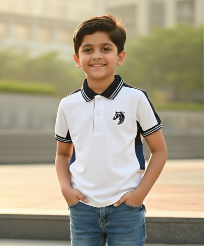 - This smart white Polo T-shirt will make your kid stand out whereever he/she goes.
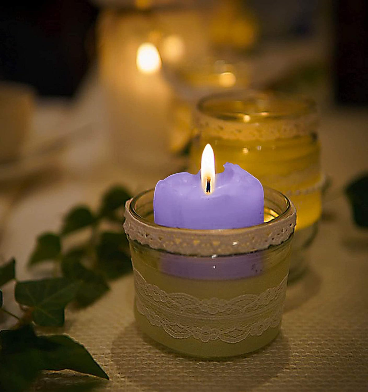 MOWIN Votive Candles Unscented Smokeless Wax Candles Set of 6 Votive Glass Candle Home Decor Small Candle 8-9 Hour (Purple Votive Candle)
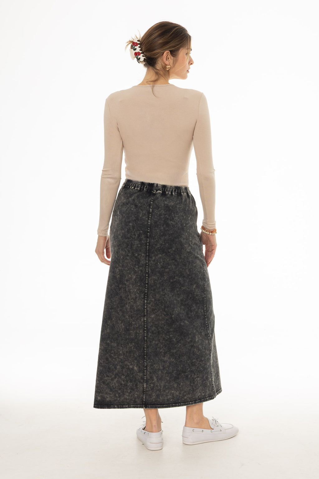 Stretch Cotton Acid Wash Maxi Skirt
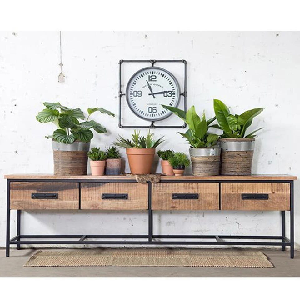 Dit gave tv-meubel is maar liefst 250cm lang! Genoeg ruimte dus voor je tv Ên ook nog eens om hem leuk af te stijlen met leuke accessoires! Dit tv-meubel bevat geen gat aan de achterkant. Het meubel is 250cm breed, 43cm diep en 70cm hoog. De lades zijn 32cm diep en 53cm breed. De kast is gemaakt van hout en metaal.
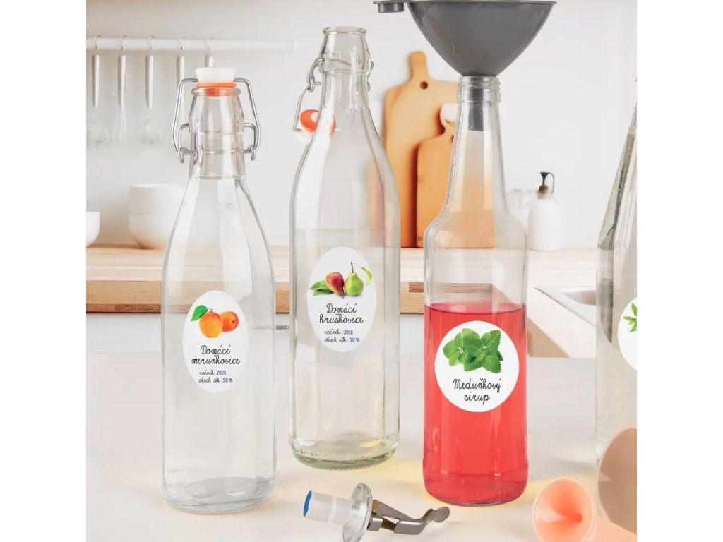 Samolepky na láhve, demižony nebo jiné nádoby s domácí hruškovicí označí i ozdobí váš domácí produkt.
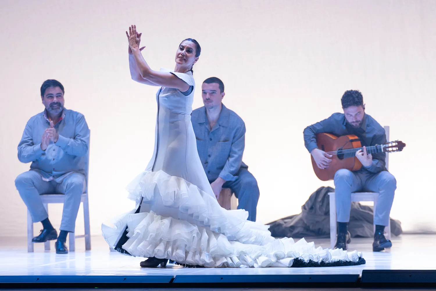 Este es el rasgo dominante en el montaje, que atiende, igualmente, a Polimnia, asociada a los cantos sagrados, y a Erató, la musa que inspira a guitarristas como Jesús Torres y José Luis Medina a fin de que Rafaela Carrasco evidencie desde la farruca cómo la propuesta a lo que aspira es envolver al espectador en una experiencia de intensa visualidad poética.
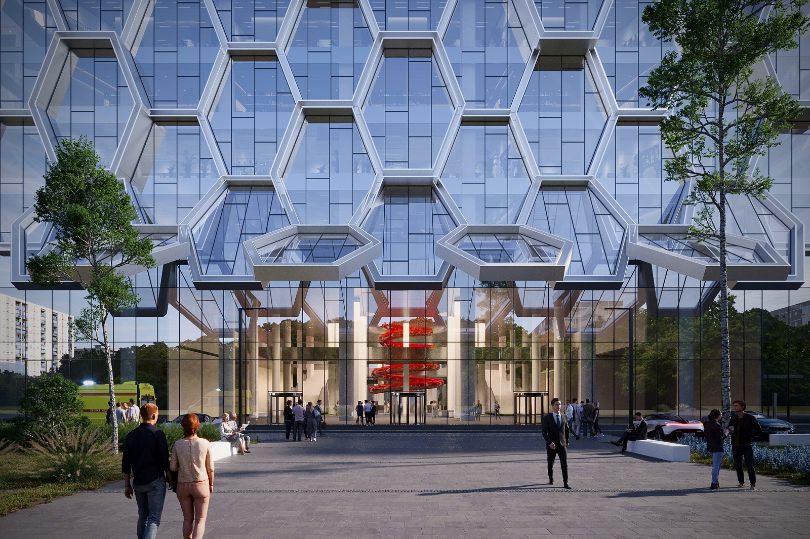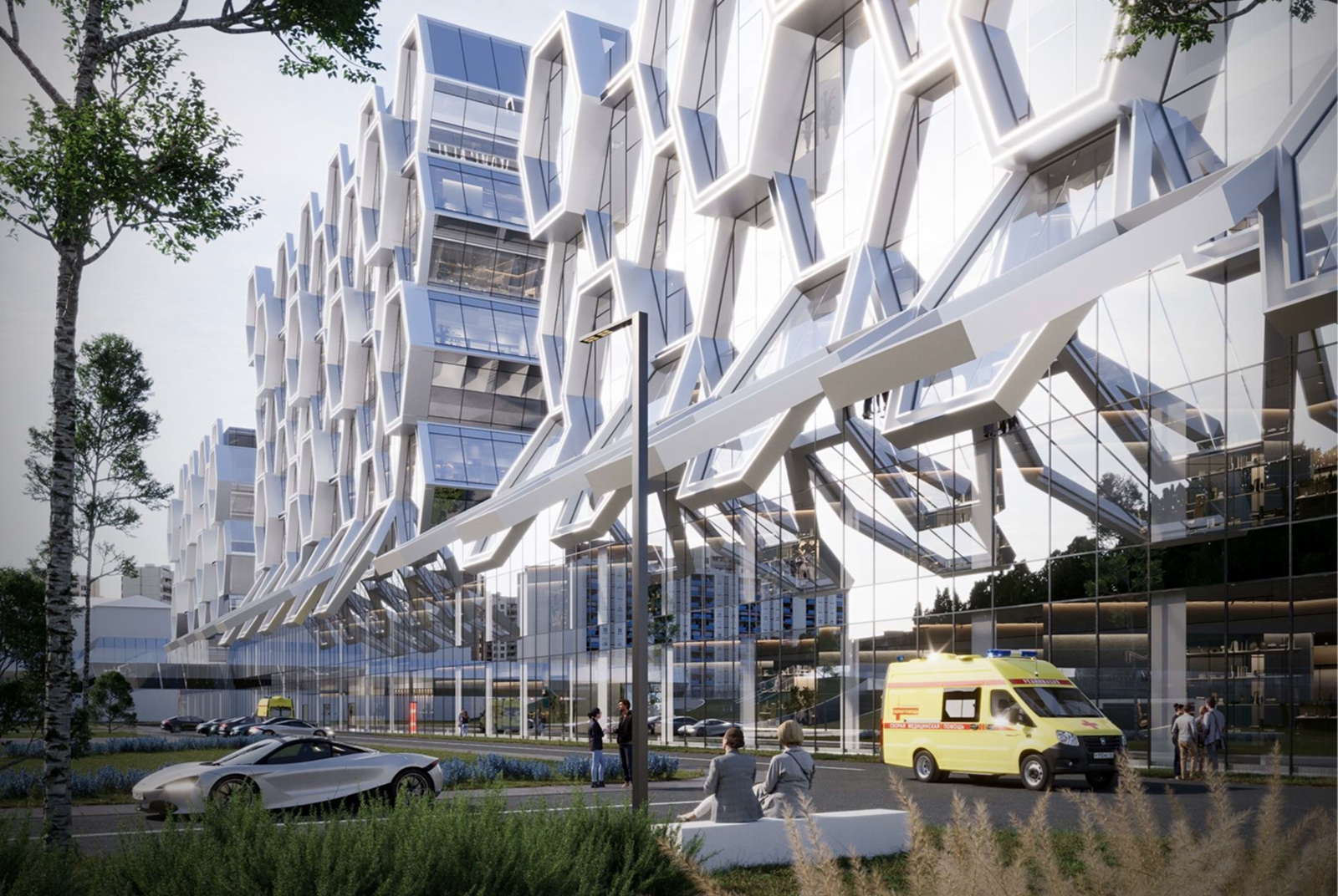 Визуально фасад будет состоять из шестигранных «сот», создающих эффект сложной химической структуры. Такой архитектурный образ подчеркивает научный подход и высокие технологии, используемые в медицине.
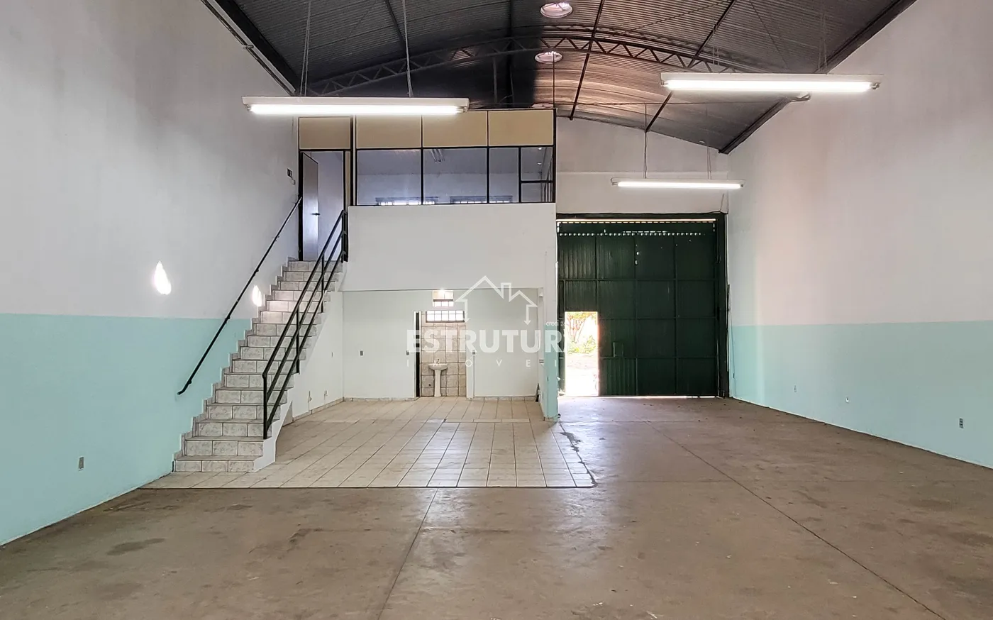 Barracão comercial em excelente localização, com amplo espaço, pé direito alto, mezanino com escritório, 2 wcs, cozinha, e recuo para 3 carros
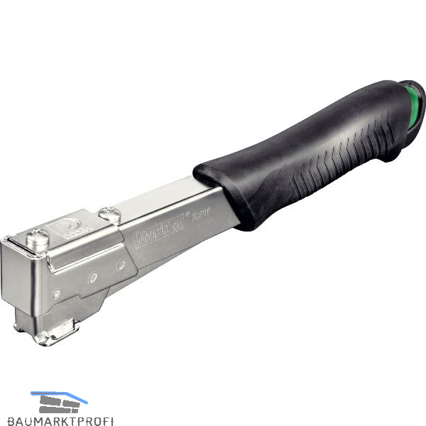 Der Hammertacker aus Stahl für echte Profis. Neue, schnelle Befüllung. Das Magazin wird mit einem leichten Druck auf den Knopf geöffnet. Ergonomischer Griff mit rutschhemmender Beschichtung, kraftsparende Rückstoßtechnik, drehbarer Doppeltreiber für doppelte Lebensdauer, Prallplatte zum Schutz der Materialien. Ein neu entwickeltes, ausgeklügeltes Ladesystem stellt sicher, dass beim Befüllen des Klammermagazins keine Teile herausfallen können.

> [Task directions] Reproduce every entry above in full and exactly, though not its pictures.

> [Task response]
 - This smart white Polo T-shirt will make your kid stand out whereever he/she goes.
 MOWIN Votive Candles Unscented Smokeless Wax Candles Set of 6 Votive Glass Candle Home Decor Small Candle 8-9 Hour (Purple Votive Candle)
 Stretch Cotton Acid Wash Maxi Skirt
 Dit gave tv-meubel is maar liefst 250cm lang! Genoeg ruimte dus voor je tv Ên ook nog eens om hem leuk af te stijlen met leuke accessoires! Dit tv-meubel bevat geen gat aan de achterkant. Het meubel is 250cm breed, 43cm diep en 70cm hoog. De lades zijn 32cm diep en 53cm breed. De kast is gemaakt van hout en metaal.
 Samolepky na láhve, demižony nebo jiné nádoby s domácí hruškovicí označí i ozdobí váš domácí produkt.
 Este es el rasgo dominante en el montaje, que atiende, igualmente, a Polimnia, asociada a los cantos sagrados, y a Erató, la musa que inspira a guitarristas como Jesús Torres y José Luis Medina a fin de que Rafaela Carrasco evidencie desde la farruca cómo la propuesta a lo que aspira es envolver al espectador en una experiencia de intensa visualidad poética.
 Визуально фасад будет состоять из шестигранных «сот», создающих эффект сложной химической структуры. Такой архитектурный образ подчеркивает научный подход и высокие технологии, используемые в медицине.
 Barracão comercial em excelente localização, com amplo espaço, pé direito alto, mezanino com escritório, 2 wcs, cozinha, e recuo para 3 carros
 Der Hammertacker aus Stahl für echte Profis. Neue, schnelle Befüllung. Das Magazin wird mit einem leichten Druck auf den Knopf geöffnet. Ergonomischer Griff mit rutschhemmender Beschichtung, kraftsparende Rückstoßtechnik, drehbarer Doppeltreiber für doppelte Lebensdauer, Prallplatte zum Schutz der Materialien. Ein neu entwickeltes, ausgeklügeltes Ladesystem stellt sicher, dass beim Befüllen des Klammermagazins keine Teile herausfallen können.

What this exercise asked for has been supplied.